Exercise prompt: Pictures stay out of the copy. Retype exactly the lines below from the one with "ink Gala – un" through the one with "Exclusive, completely renovated".
The input section start
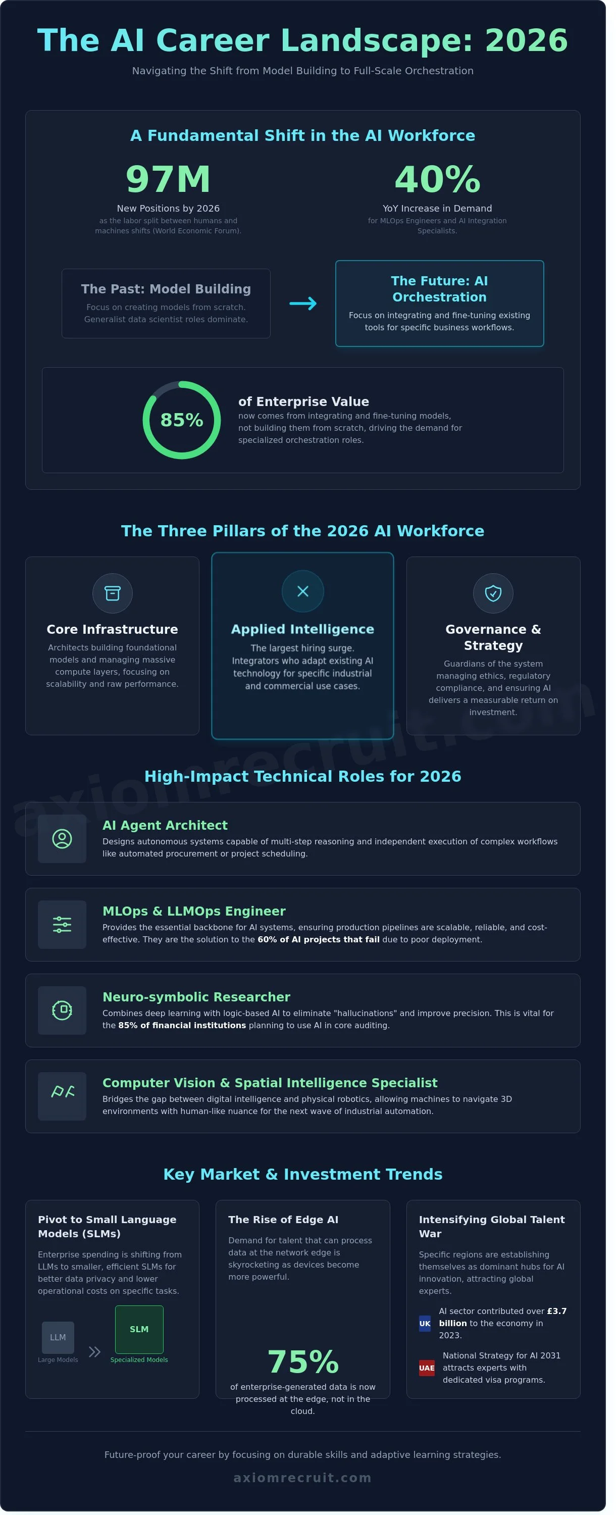 The hiring market currently prioritises "AI Orchestration" because 85% of enterprise value now comes from integrating and fine-tuning models rather than building them from scratch. We are seeing a sharp decline in the demand for generalist "Data Scientists," a role that dominated the 2010s. In its place, hyper-specialised functions have emerged. Our consultants at Axiom are seeing a 40% year on year increase in requests for MLOps engineers and AI integration specialists who can connect disparate systems into a cohesive unit.
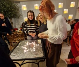Zum weiteren Programm gehörten das traditionelle Kerzenzünden mit Ludmilla Movshyn, der Kiddush durch Alon Meyer, ein gemeinsames Shabbat-Essen begleitet von traditionellem Gesang sowie ein interaktives Quiz des Teams von Zusammen1 von MAKKABI Deutschland zu Aspekten jüdischen Lebens in Deutschland.
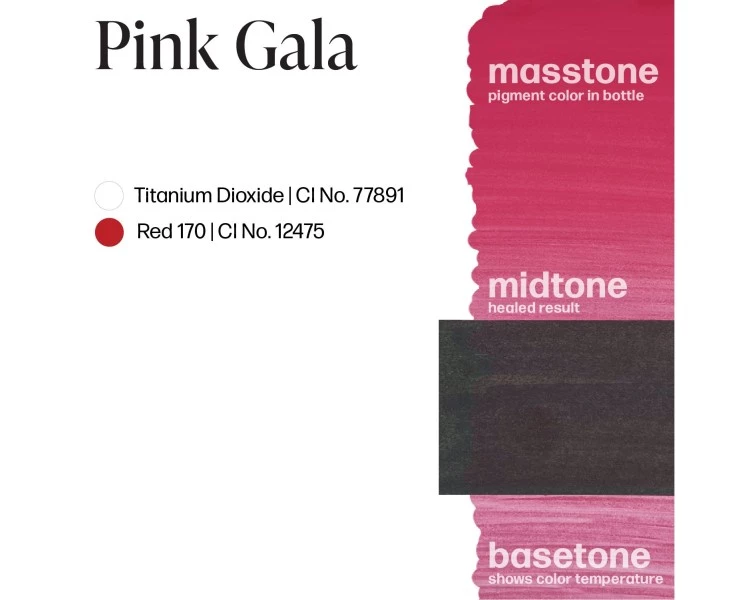 ink Gala – un colore delle labbra rosa medio intenso con opacità media e sottotono più neutro. Biologico.
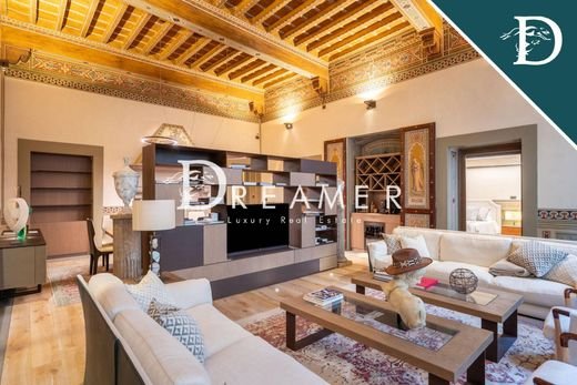 Exclusive, completely renovated frescoed apartment for sale in the center of Florence. Located on the first floor of a stately building on Lungarno Guicciardini, the property has been tastefully furnished with designer furniture and comprises a total of 360 sqm with three bedrooms and four bathrooms.
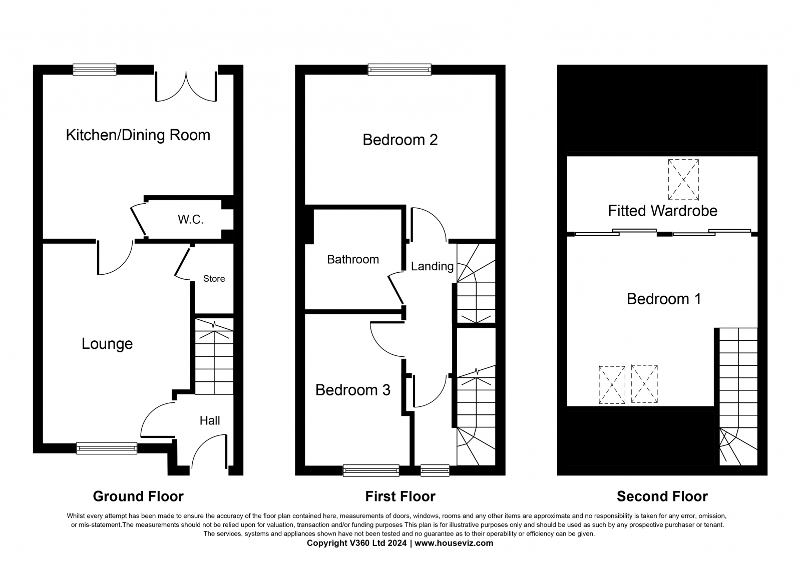 This flexible accommodation is formed over three levels with the ground floor comprising welcoming entrance hallway which gives access to the front facing lounge which the current owners currently use as a dining/family area. WC. Modern dining kitchen which houses an ample range of base and wall units with complementary worktops and upstands, and integrated appliances which include washing machine, electric oven, 5 burner gas hob and extractor hood. The first-floor accommodation houses bedroom two and three, however with the accommodation being so versatile the current owners currently use bedroom two as a lounge. Contemporary three-piece bathroom comprising wc, wash hand basin and bath with overhead thermostatic shower. The second-floor accommodation houses the well-proportioned master bedroom with bespoke wardrobes, and Velux windows which allow an abundance of natural light to flow through.
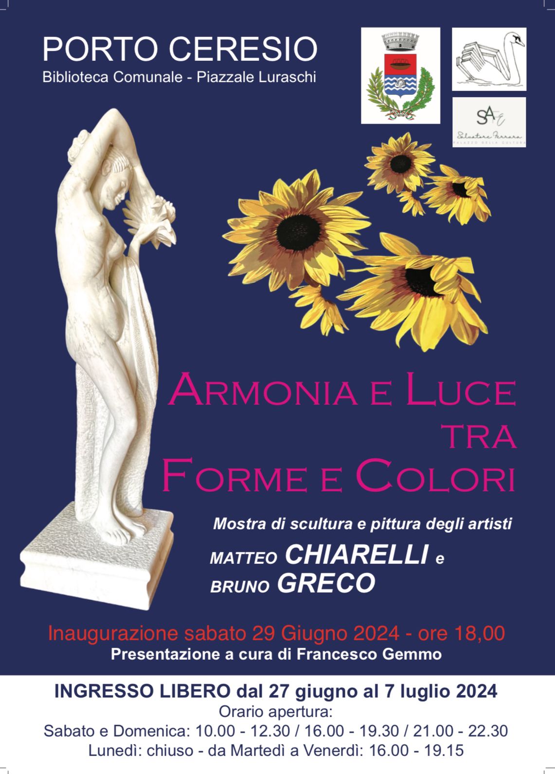 C’è tempo fino al 7 luglio per vedere la mostra degli artisti Bruno Greco e Matteo Chiarelli a cura di Francesco Gemmo. Una mostra che fa parte della 19esima Stagione d’Arte Ceresina organizzata dal Comune di Porto Ceresio da ammirare nell’ampia sala della biblioteca di Porto Ceresio.
The input section end
Expected output:
 ink Gala – un colore delle labbra rosa medio intenso con opacità media e sottotono più neutro. Biologico.
 Exclusive, completely renovated frescoed apartment for sale in the center of Florence. Located on the first floor of a stately building on Lungarno Guicciardini, the property has been tastefully furnished with designer furniture and comprises a total of 360 sqm with three bedrooms and four bathrooms.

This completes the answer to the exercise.